**What to produce:**
Only the lines from the one with "Ensemble de coiffeuse" through the final line below belong in the answer, copied exactly and without pictures.

**Collected material:**
══════════

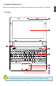 1-2 External Appearance Refer to the diagram below to identify the components on every side of the netbook. 1 1. Top View 1 2 9 3 4 5 6 7 CA UT IO N 8 ! Your Netbook keyboard may vary depending on the country/region of purchase.
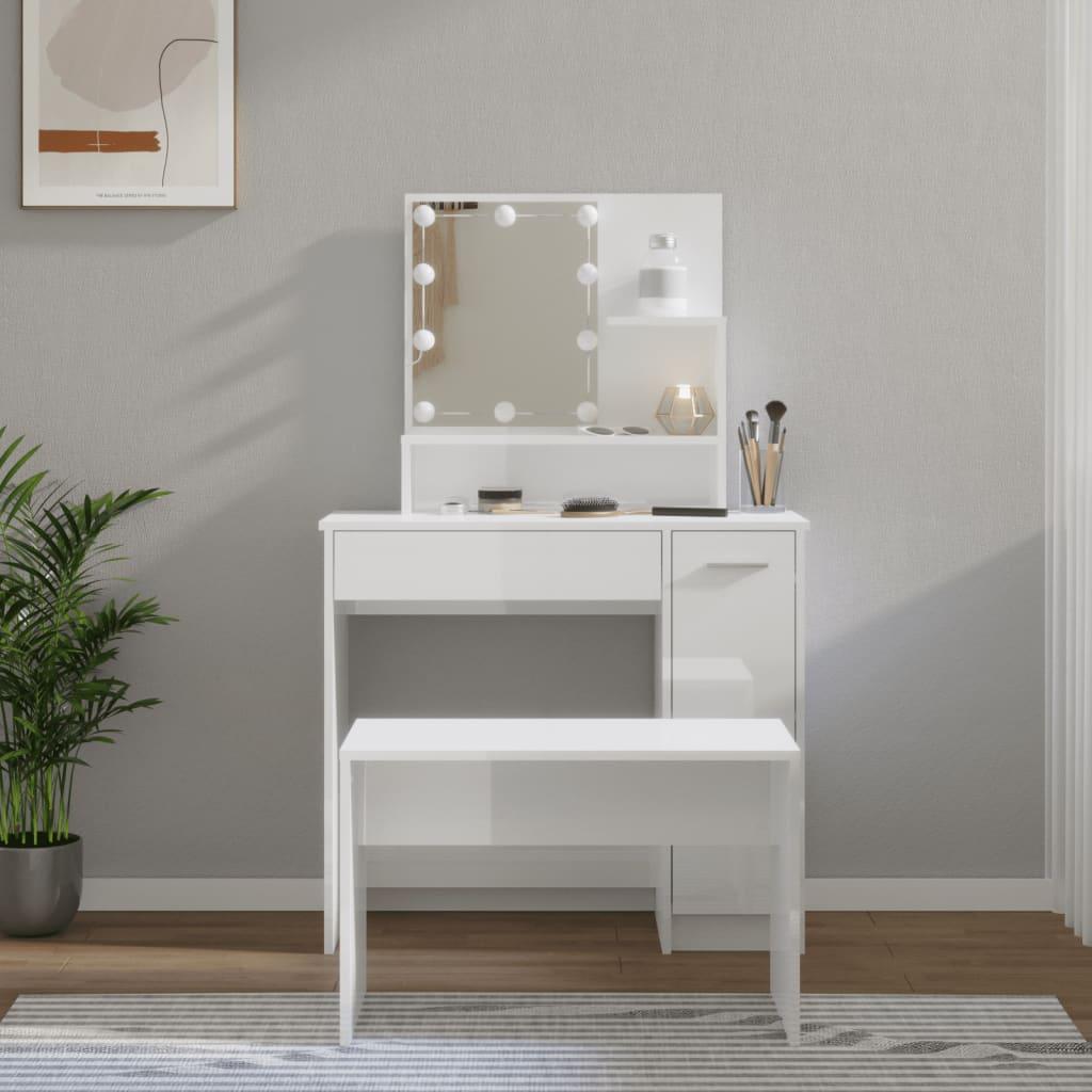 Ensemble de coiffeuse avec LED Blanc brillant Bois d'ingenierie
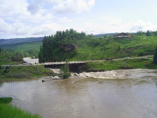 Bald haben wir eine große Seenlandschaft hinter uns von weitem sieht man schon die schneebedeckten Berge. Nach Hunston geht es wieder in die Berge. Wiesen und Wald rechts und links des Highway stehen unter Wasser, der viele Schnee des vergangenen Winters und Regenfälle lassen die Flüsse über die Ufer treten. Wir beobachten, wie in manchen Ortschaften Sandsäcke geschleppt und die Ufer vor den Grundstücken befestigt werden. Wir kommen nach Hazelton und erhalten im dorten Visiter-Center die Auskunft, daß unsere Weiterfahrt nach Prince Rupert ins Wasser fallen wird, Land unter - große Strecken des Highway sind überflutet und außerdem gibt es noch irgendwo einen riesigen Erdrutsch (wir haben vorher schon viele Straßenbaumaschinen im Anmarsch gesehen - nun ist alles klar). So bleibt uns nur ein Richtungswechsel, wie biegen in den Cassiar-Highway ab, welchen wir sowieso fahren wollten. Ein ausgedientes Camp aus der Zeit des Straßenbaus am Highway kommt gerade richtig, d.h. unsere Tagesetappe ist hier zu Ende. |

══════════

**Expected answer:**
 Ensemble de coiffeuse avec LED Blanc brillant Bois d'ingenierie
 Bald haben wir eine große Seenlandschaft hinter uns von weitem sieht man schon die schneebedeckten Berge. Nach Hunston geht es wieder in die Berge. Wiesen und Wald rechts und links des Highway stehen unter Wasser, der viele Schnee des vergangenen Winters und Regenfälle lassen die Flüsse über die Ufer treten. Wir beobachten, wie in manchen Ortschaften Sandsäcke geschleppt und die Ufer vor den Grundstücken befestigt werden. Wir kommen nach Hazelton und erhalten im dorten Visiter-Center die Auskunft, daß unsere Weiterfahrt nach Prince Rupert ins Wasser fallen wird, Land unter - große Strecken des Highway sind überflutet und außerdem gibt es noch irgendwo einen riesigen Erdrutsch (wir haben vorher schon viele Straßenbaumaschinen im Anmarsch gesehen - nun ist alles klar). So bleibt uns nur ein Richtungswechsel, wie biegen in den Cassiar-Highway ab, welchen wir sowieso fahren wollten. Ein ausgedientes Camp aus der Zeit des Straßenbaus am Highway kommt gerade richtig, d.h. unsere Tagesetappe ist hier zu Ende. |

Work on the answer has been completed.